Ахкеймион сопровождал Келлхуса и на аудиенции с Багряными Шпилями — по вполне понятной причине. Адепты вели себя удивительно надменно, а Элеазар явно пристрастился к хмельному. Его движения стали жесткими и неуклюжими, составляя пугающий контраст с той велеречивой презрительностью, что отличала великого магистра в Момемне. Исчезли деспотическая самоуверенность и оценивающий взгляд, Элеазар больше не кичился знанием джнана. Теперь он казался юнцом, осознавшим наконец фатальную непомерность своих претензий. Священное воинство продвигалось к Шайме, твердыне кишаурим. Больше не будет бесполезных молитв. Багряные Шпили скоро встретятся со своим смертельным врагом, и их великий магистр Ханаману Элеазар страшно боялся, как бы не сделать ошибку. Он боялся сгореть в пламени кишаурим, боялся разгрома своей драгоценной школы.
Вопреки всему, Ахкеймион жалел его. Примерно так же, как крепкий человек жалеет слабого, когда тот заболел. Это было безотчетное чувство. Каждый пройдет испытание Священной войной. Кто-то выйдет из нее более сильным. Кого-то она сломает, а кого-то согнет. Все увидят, кто есть кто и что почем.
Любитель чанва Ийок никогда не присутствовал на этих встречах, и никогда никто не упоминал о нем. Ахкеймион был очень благодарен за эту небольшую милость. Несмотря на ненависть и желание убить врага той ночью в Яблоневых садах, он взыскал лишь малую часть того, что ему задолжали. Когда один из Сотни Столпов поднес нож к этим глазам с красными зрачками, Ийок внезапно показался Ахкеймиону незнакомцем — несчастным и… невинным. Прошлое стало дымом, возмездие — отвратительным. Вправе ли он вершить окончательный суд? Из всех деяний человека лишь убийство необратимо и абсолютно.
Не будь это местью за Ксинема, Ахкеймион вообще не решился бы на такое.

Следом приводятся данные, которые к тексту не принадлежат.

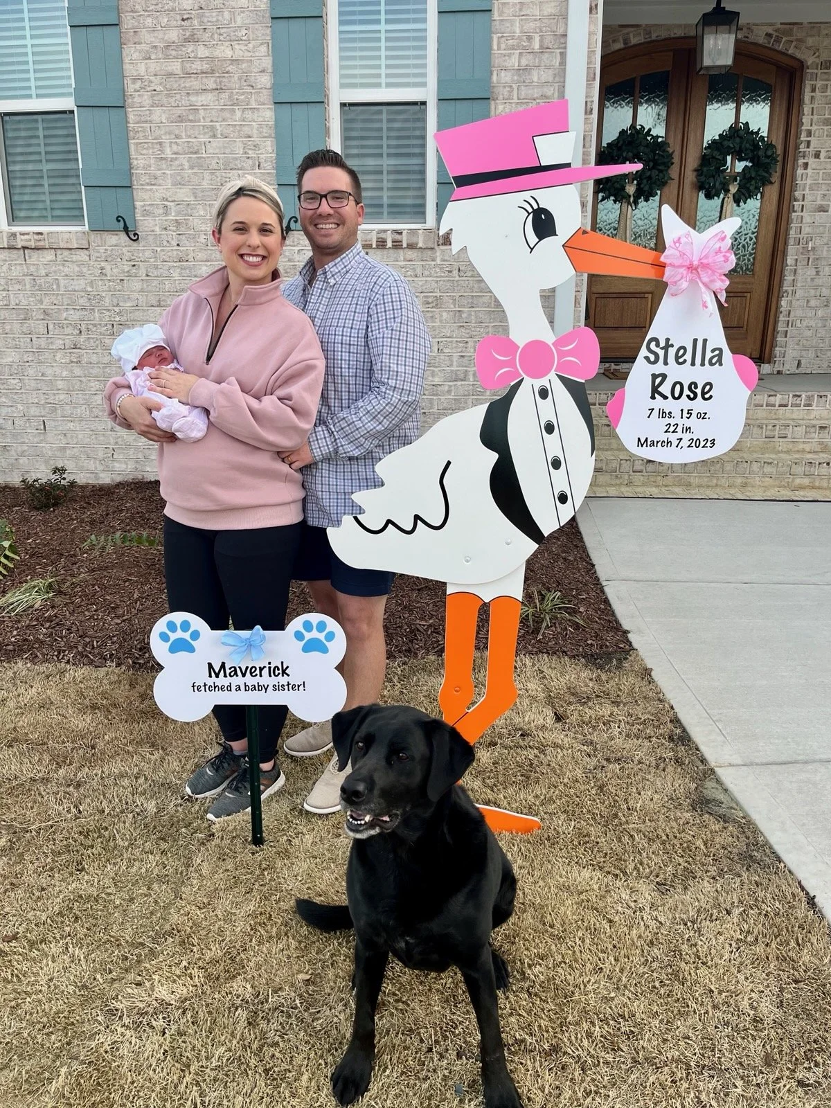 Our dog bone add-on signs are the perfect special touch for a fur-baby loving family. Auntie Jules Storks is a stork yard sign rental service located in Johnston County, NC. The birth of a baby is the most memorable and unforgettable moment of a family’s life. Let us help you celebrate! Our 6-foot tall stork signs are perfect for birth announcements, adoptions, pregnancy announcements, baby showers, and gender reveal parties.

Келлхуса целый день занимали нужды войска. Айнритийские князья шли к нему бесконечной чередой, приносили данные разведки о землях, что лежат впереди, обсуждали неотложные вопросы, и чем дальше Священное воинство продвигалось в пределы Ксераша, тем чаще созывали военный совет.
Ахкеймиона прибивало то к одной, то к другой партии, образовавшейся около Келлхуса. Иногда ради любопытства он вслушивался в разговоры на совете. Поскольку другие приходили и уходили, а он оставался, Ахкеймион мог судить об удивительной глубине ума Келлхуса. Тот цитировал слово в слово послания и замечания, относившиеся к предшествующим дням, не забывал ни единого имени, ни одной детали, даже когда дело касалось таких приземленных материй, как снабжение. Ахкеймион то и дело, не веря глазам и ушам, обращал взор в сторону других присутствующих, особенно сенешаля-секретаря Келлхуса Гайямакри. Люди улыбались, качали головой и в восхищенном изумлении поднимали брови. Это изумление было лучшим подтверждением.

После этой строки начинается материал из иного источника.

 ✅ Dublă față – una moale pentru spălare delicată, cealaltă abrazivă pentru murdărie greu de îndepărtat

— Чем же мы заслужили, — спросил кто-то из них, — такое чудо?
Не считая советов с участием Великих Имен, Ахкеймион скоро потерял интерес к этим игрушечным драмам. Его мысли блуждали далеко, как и прежде, тсогда он ехал в обозе войска. Князья по-прежнему кланялись ему, но вскоре он слился с живым фоном, который представляла собой Священная свита.

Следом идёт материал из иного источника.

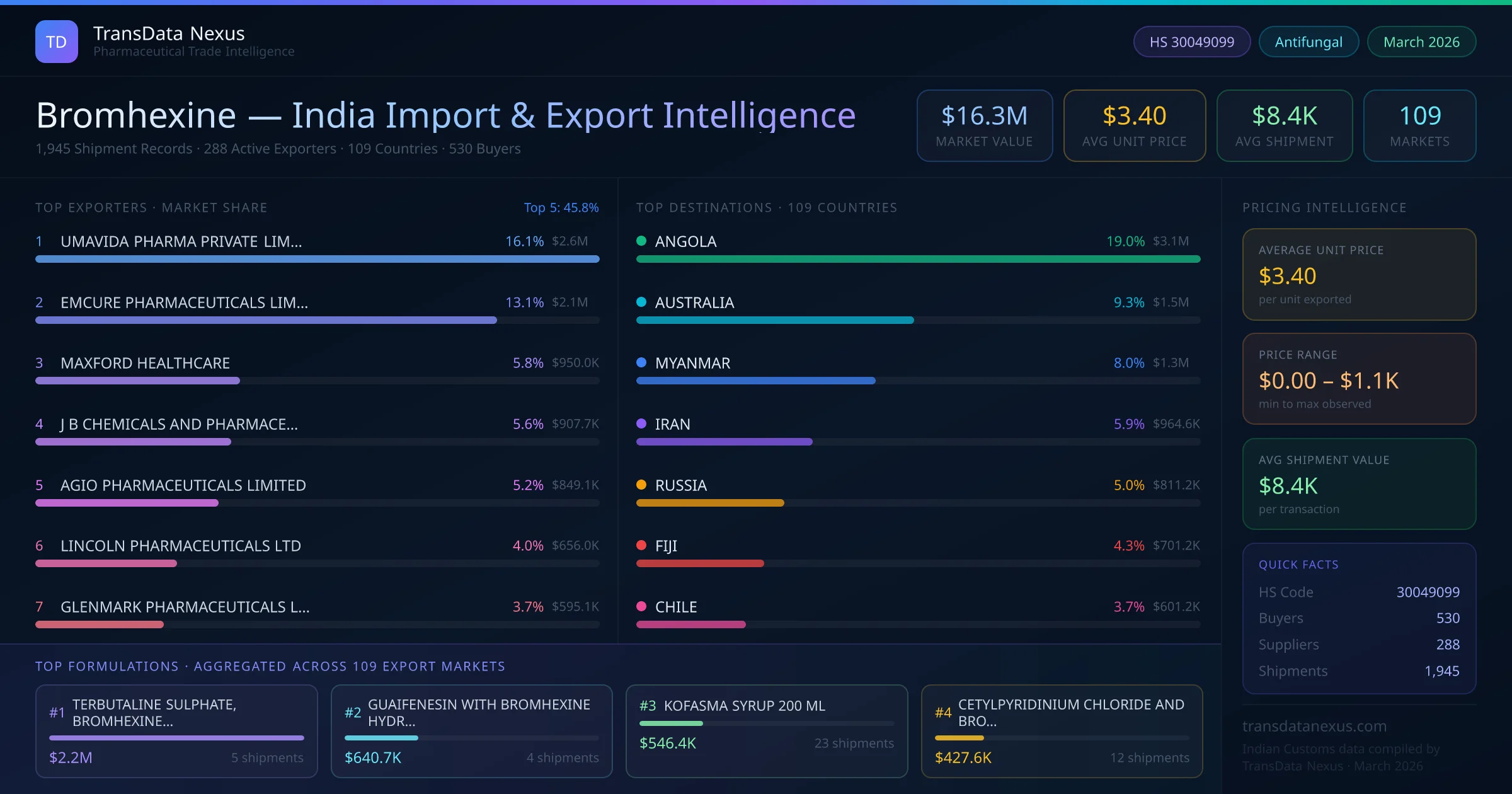 Between 2022 and 2026, India exported $16.3M worth of bromhexine across 1,945 verified shipments to 109 countries — covering 56% of world markets in the Respiratory & OTC segment. The largest destination is ANGOLA (19.0%). UMAVIDA PHARMA PRIVATE LIMITED leads with a 16.1% share. All figures are drawn from Indian Customs (DGFT) shipping bill records spanning four years of trade activity.

Хотя никто им особенно не интересовался, нелепая значительность собственного положения давила Ахкеймиона. Иногда в моменты усталости он смотрел на Келлхуса и испытывал чувство отстраненности. Дымка нереальности развеивалась, и Воин-Пророк представал таким же уязвимым, как окружавшие его воинственные мужчины, и куда более одиноким. Ахкеймион цепенел от ужаса: он понимал, что Келлхус, каким бы богоравным ни казался, на самом деле смертен. Он — человек. Не было ли это уроком Кругораспятия? И если что-то случится, все потеряет смысл, даже его любовь к Эсменет.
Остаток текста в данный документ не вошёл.